#### Instructions to follow
Taking the data below, please print only the lines from the line holding "You can access" to the line holding "Продается просторная студия", inclusive, with pictures omitted.
Top of The data
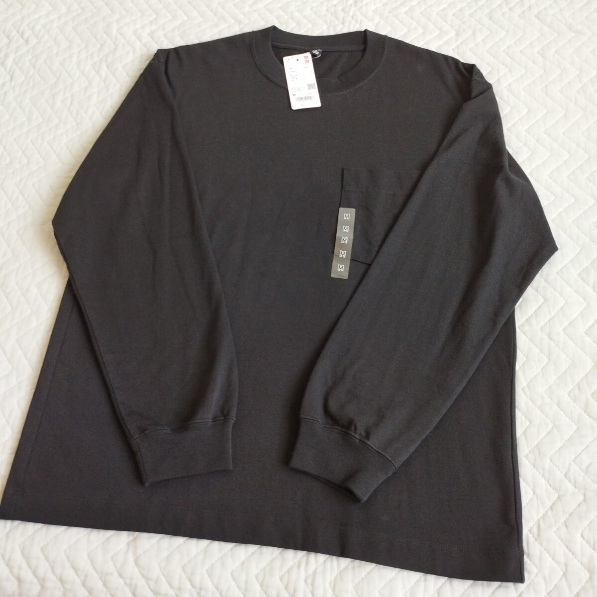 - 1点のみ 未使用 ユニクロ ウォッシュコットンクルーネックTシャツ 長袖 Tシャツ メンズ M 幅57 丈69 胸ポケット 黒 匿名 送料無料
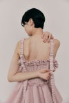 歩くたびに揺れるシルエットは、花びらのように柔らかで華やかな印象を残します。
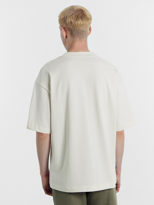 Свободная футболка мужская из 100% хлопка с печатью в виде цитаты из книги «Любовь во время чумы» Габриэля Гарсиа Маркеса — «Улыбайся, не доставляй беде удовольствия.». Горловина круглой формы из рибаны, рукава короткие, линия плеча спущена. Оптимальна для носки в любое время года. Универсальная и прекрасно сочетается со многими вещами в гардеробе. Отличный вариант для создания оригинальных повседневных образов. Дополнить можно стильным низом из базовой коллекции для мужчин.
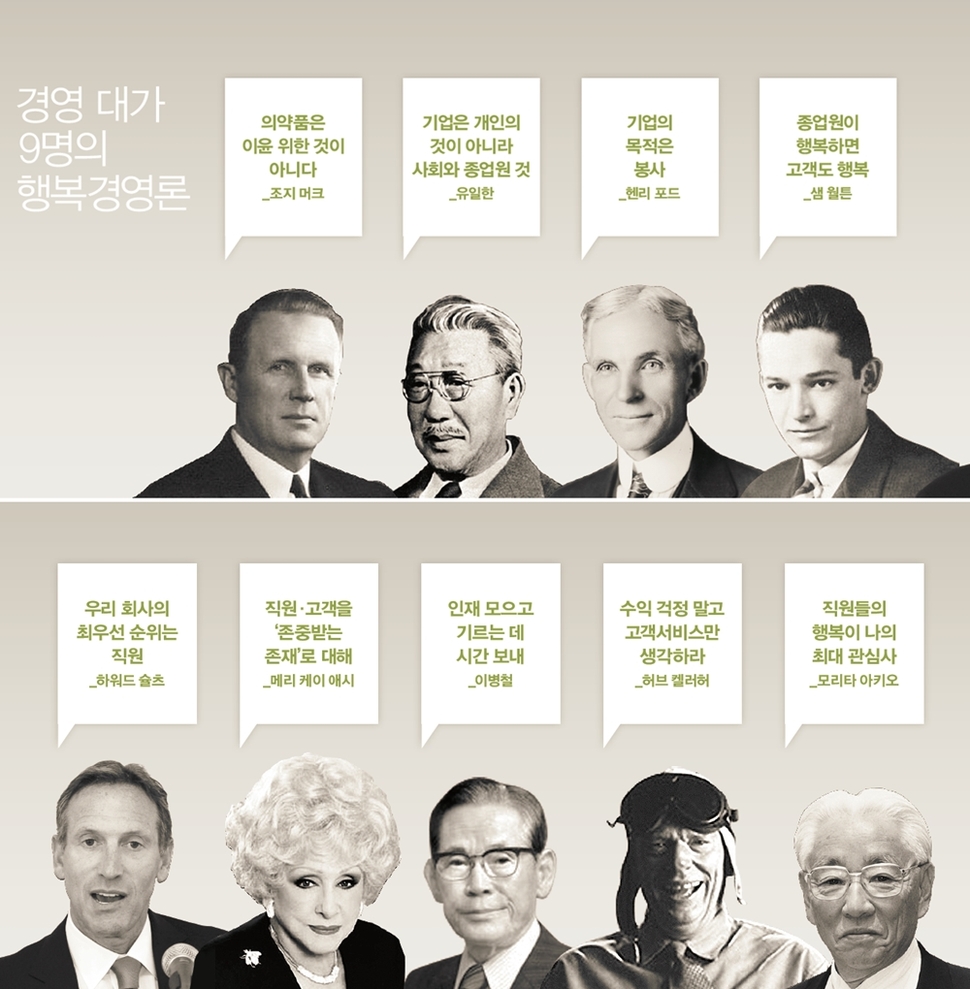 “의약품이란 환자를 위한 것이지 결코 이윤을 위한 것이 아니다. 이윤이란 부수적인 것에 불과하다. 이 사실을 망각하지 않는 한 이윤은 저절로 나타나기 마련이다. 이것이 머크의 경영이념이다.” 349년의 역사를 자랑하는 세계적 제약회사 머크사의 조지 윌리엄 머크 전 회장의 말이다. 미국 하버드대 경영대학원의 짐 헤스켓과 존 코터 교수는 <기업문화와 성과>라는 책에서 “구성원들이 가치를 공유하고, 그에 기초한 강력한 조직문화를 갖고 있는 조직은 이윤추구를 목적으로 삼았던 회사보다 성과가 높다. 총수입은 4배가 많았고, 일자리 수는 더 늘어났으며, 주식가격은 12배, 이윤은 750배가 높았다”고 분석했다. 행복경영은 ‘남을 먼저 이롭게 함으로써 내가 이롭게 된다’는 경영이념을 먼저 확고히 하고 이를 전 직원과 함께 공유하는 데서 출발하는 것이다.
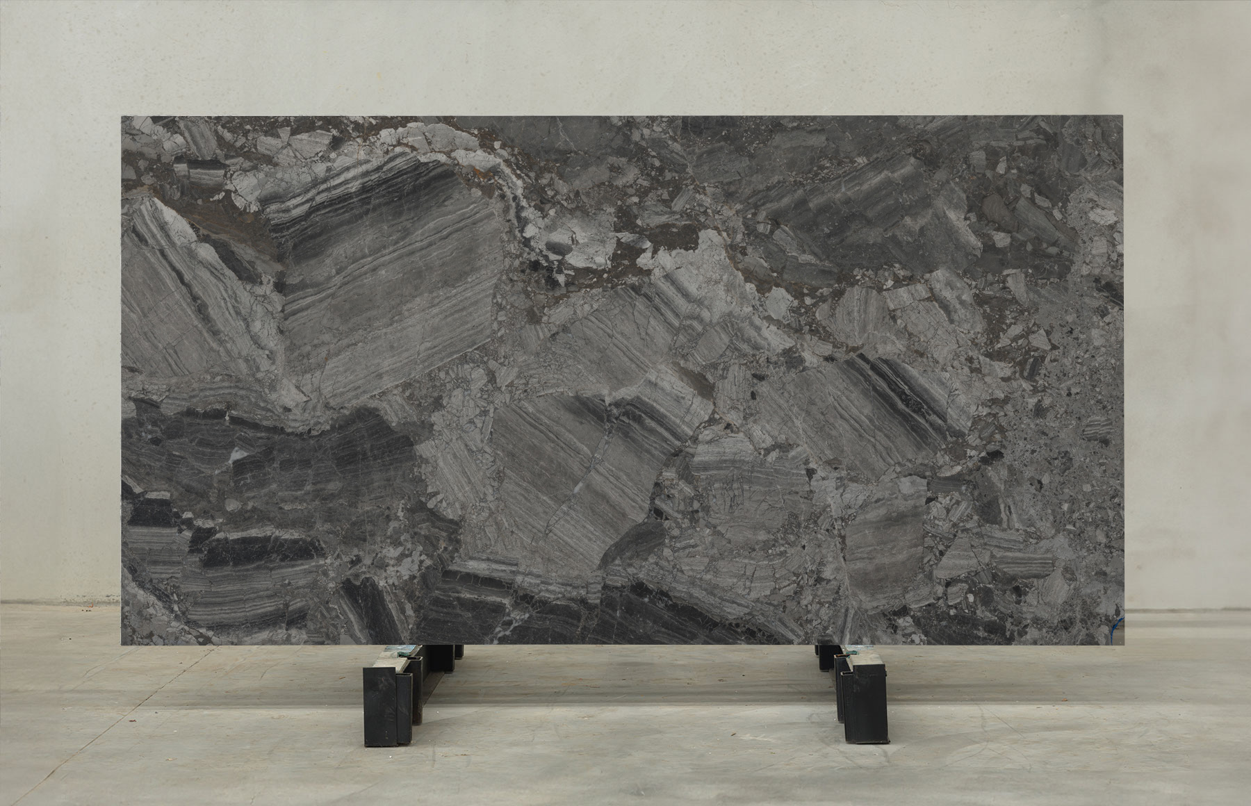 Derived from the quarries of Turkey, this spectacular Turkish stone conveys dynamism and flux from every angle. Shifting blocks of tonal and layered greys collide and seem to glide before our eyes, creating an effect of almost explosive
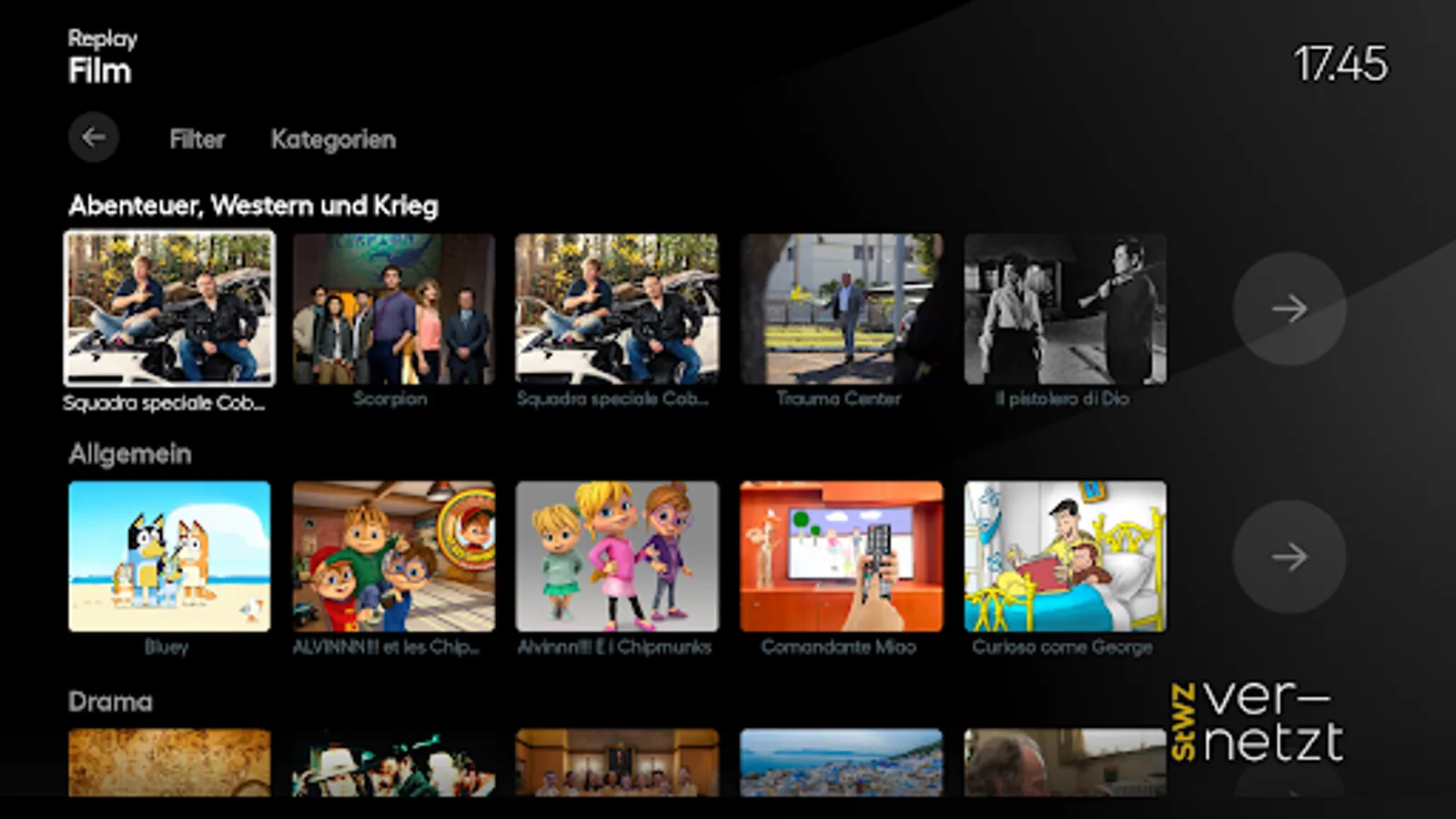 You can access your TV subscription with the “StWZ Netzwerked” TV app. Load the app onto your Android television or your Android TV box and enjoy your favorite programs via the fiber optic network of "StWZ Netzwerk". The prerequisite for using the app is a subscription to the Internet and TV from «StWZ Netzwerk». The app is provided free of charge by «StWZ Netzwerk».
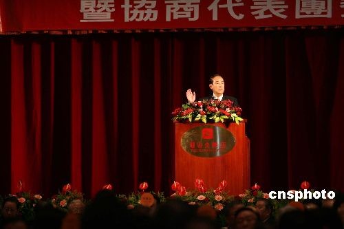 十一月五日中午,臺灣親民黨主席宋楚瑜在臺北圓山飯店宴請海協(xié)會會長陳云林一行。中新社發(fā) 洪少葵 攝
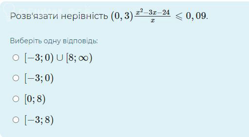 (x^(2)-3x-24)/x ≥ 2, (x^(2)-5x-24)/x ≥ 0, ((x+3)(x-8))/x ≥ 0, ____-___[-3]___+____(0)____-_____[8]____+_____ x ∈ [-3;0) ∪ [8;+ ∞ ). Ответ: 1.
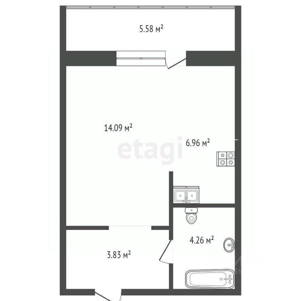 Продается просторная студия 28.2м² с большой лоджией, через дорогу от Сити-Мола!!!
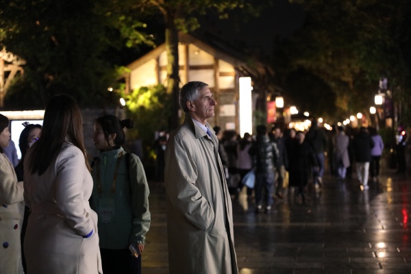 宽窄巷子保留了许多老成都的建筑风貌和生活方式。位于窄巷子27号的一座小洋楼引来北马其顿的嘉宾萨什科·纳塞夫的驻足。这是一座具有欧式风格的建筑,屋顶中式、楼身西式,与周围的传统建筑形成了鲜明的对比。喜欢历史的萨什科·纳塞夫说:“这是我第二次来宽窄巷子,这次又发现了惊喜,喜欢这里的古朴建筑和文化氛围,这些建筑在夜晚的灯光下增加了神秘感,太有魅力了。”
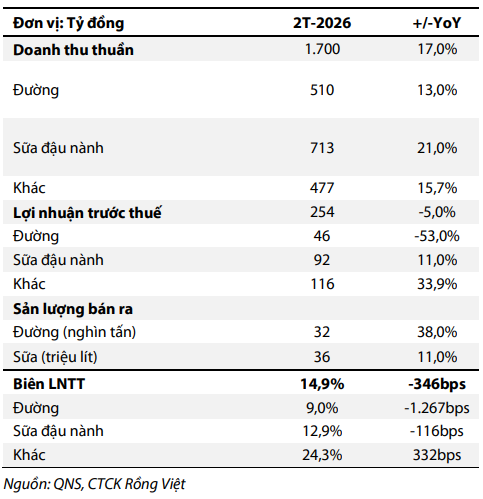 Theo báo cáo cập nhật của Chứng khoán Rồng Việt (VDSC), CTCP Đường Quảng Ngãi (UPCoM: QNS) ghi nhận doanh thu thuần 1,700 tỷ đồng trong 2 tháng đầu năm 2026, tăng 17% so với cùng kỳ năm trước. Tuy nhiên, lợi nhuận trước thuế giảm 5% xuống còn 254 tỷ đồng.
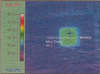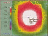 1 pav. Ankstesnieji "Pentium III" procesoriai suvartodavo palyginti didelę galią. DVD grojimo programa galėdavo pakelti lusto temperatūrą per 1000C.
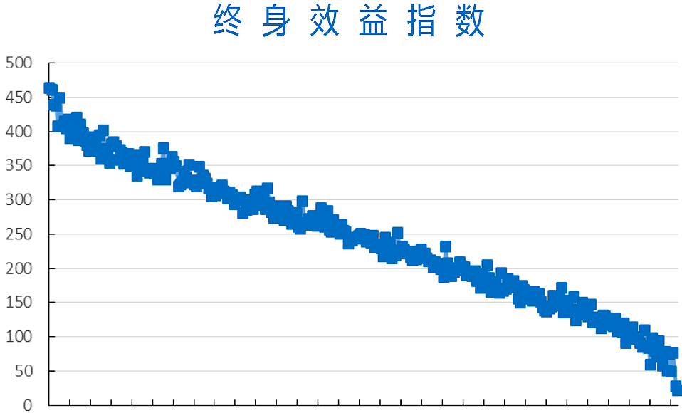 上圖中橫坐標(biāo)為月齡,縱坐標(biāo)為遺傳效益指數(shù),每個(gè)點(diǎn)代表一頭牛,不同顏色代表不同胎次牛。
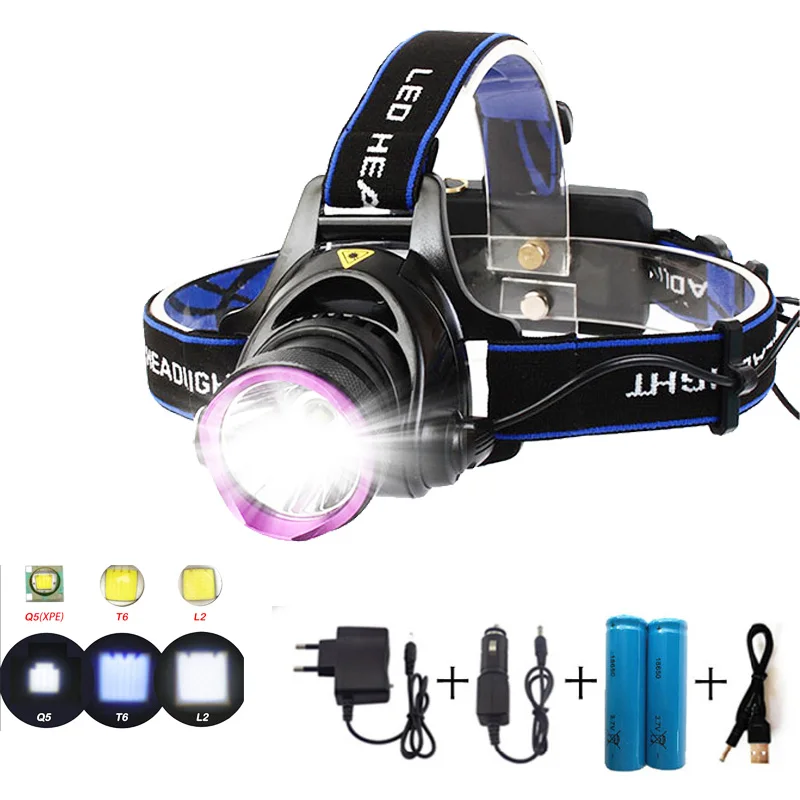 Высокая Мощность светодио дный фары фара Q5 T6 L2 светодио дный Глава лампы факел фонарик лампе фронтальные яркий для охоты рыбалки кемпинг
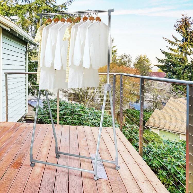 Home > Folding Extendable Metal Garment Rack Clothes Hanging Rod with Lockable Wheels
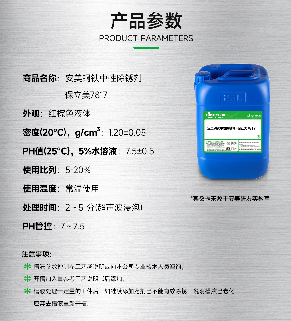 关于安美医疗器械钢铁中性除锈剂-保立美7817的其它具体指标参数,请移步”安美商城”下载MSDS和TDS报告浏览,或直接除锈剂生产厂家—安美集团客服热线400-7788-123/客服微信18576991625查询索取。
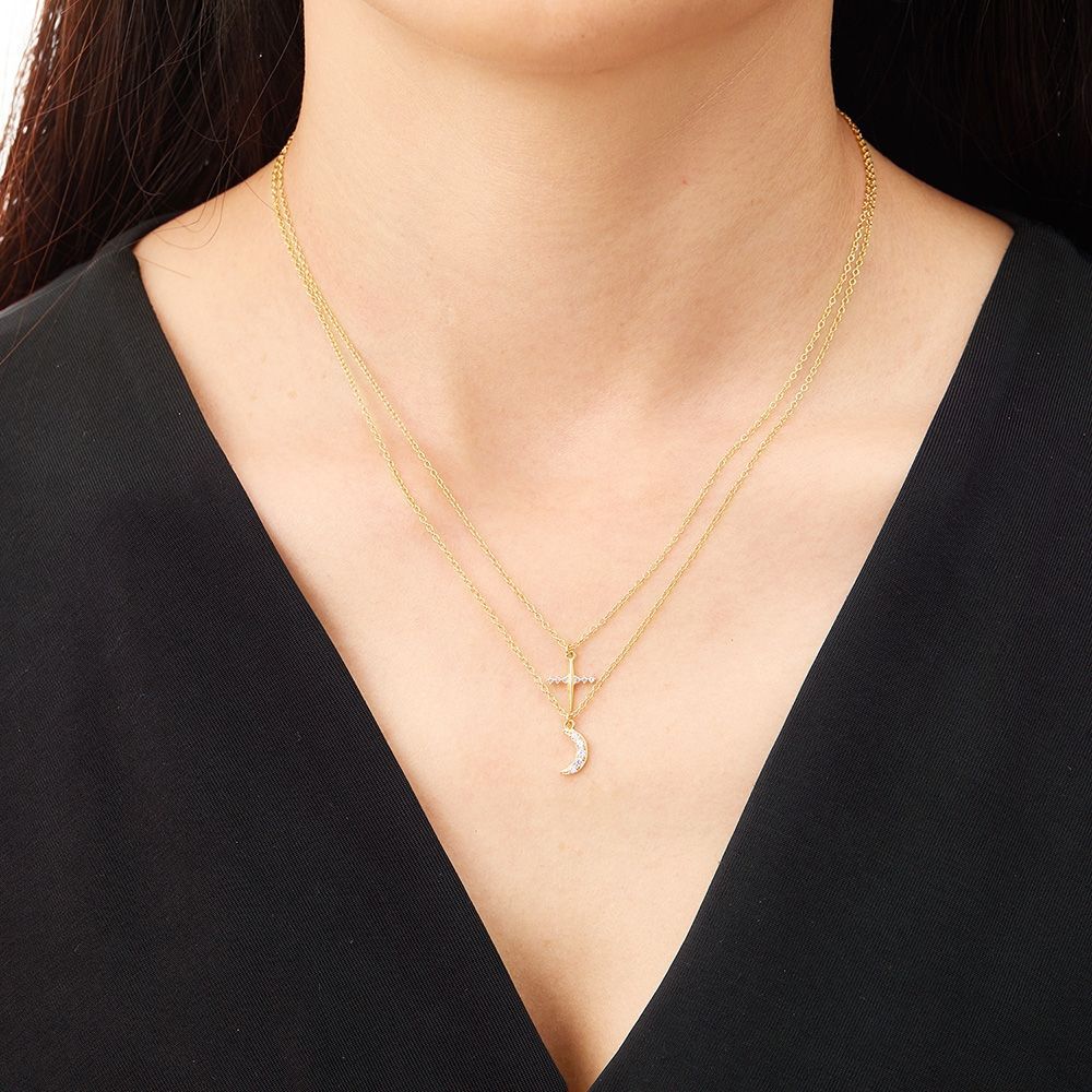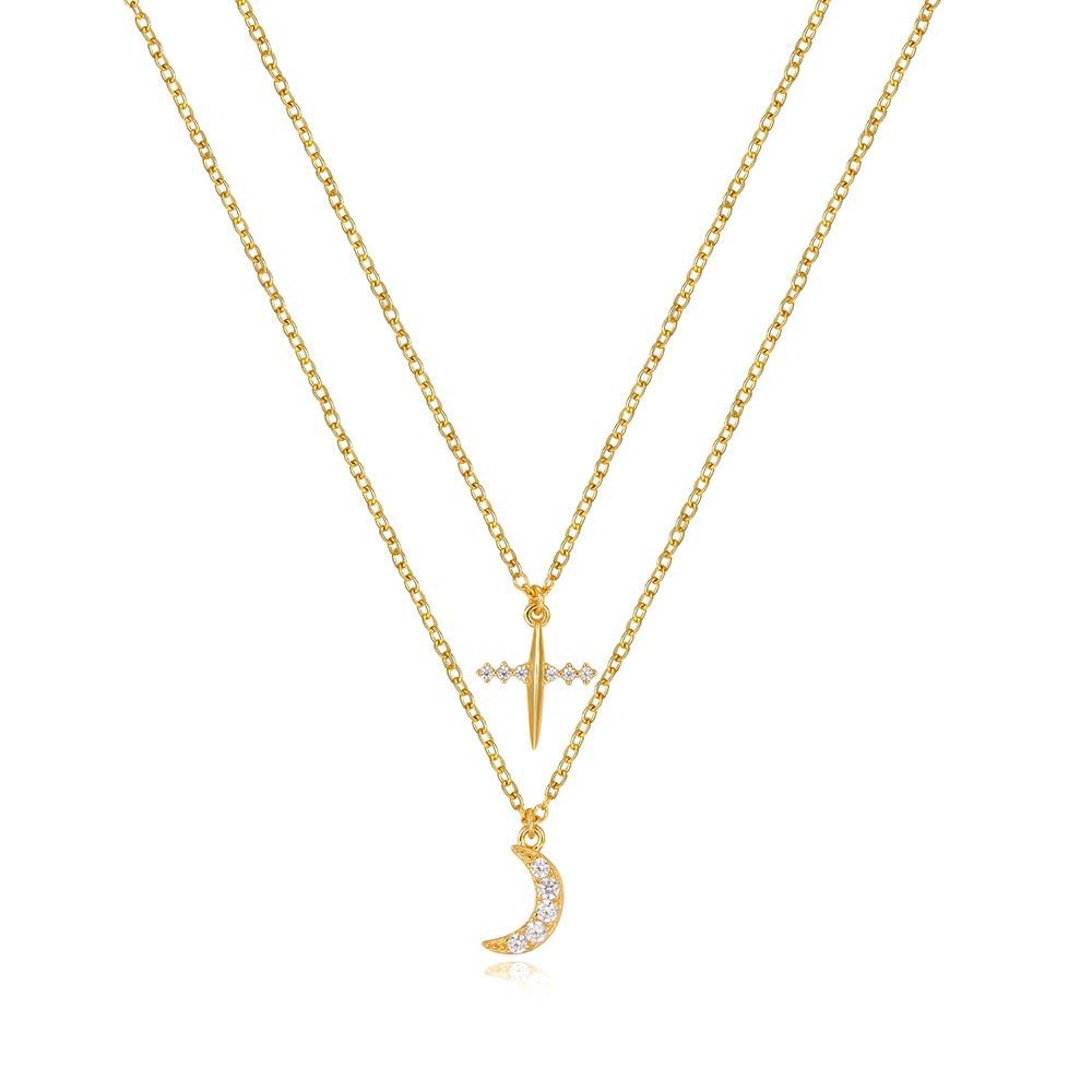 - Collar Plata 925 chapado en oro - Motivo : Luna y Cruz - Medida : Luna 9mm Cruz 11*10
Bottom of The data
#### Your response
 You can access your TV subscription with the “StWZ Netzwerked” TV app. Load the app onto your Android television or your Android TV box and enjoy your favorite programs via the fiber optic network of "StWZ Netzwerk". The prerequisite for using the app is a subscription to the Internet and TV from «StWZ Netzwerk». The app is provided free of charge by «StWZ Netzwerk».
 十一月五日中午,臺灣親民黨主席宋楚瑜在臺北圓山飯店宴請海協(xié)會會長陳云林一行。中新社發(fā) 洪少葵 攝
 (x^(2)-3x-24)/x ≥ 2, (x^(2)-5x-24)/x ≥ 0, ((x+3)(x-8))/x ≥ 0, ____-___[-3]___+____(0)____-_____[8]____+_____ x ∈ [-3;0) ∪ [8;+ ∞ ). Ответ: 1.
 Продается просторная студия 28.2м² с большой лоджией, через дорогу от Сити-Мола!!!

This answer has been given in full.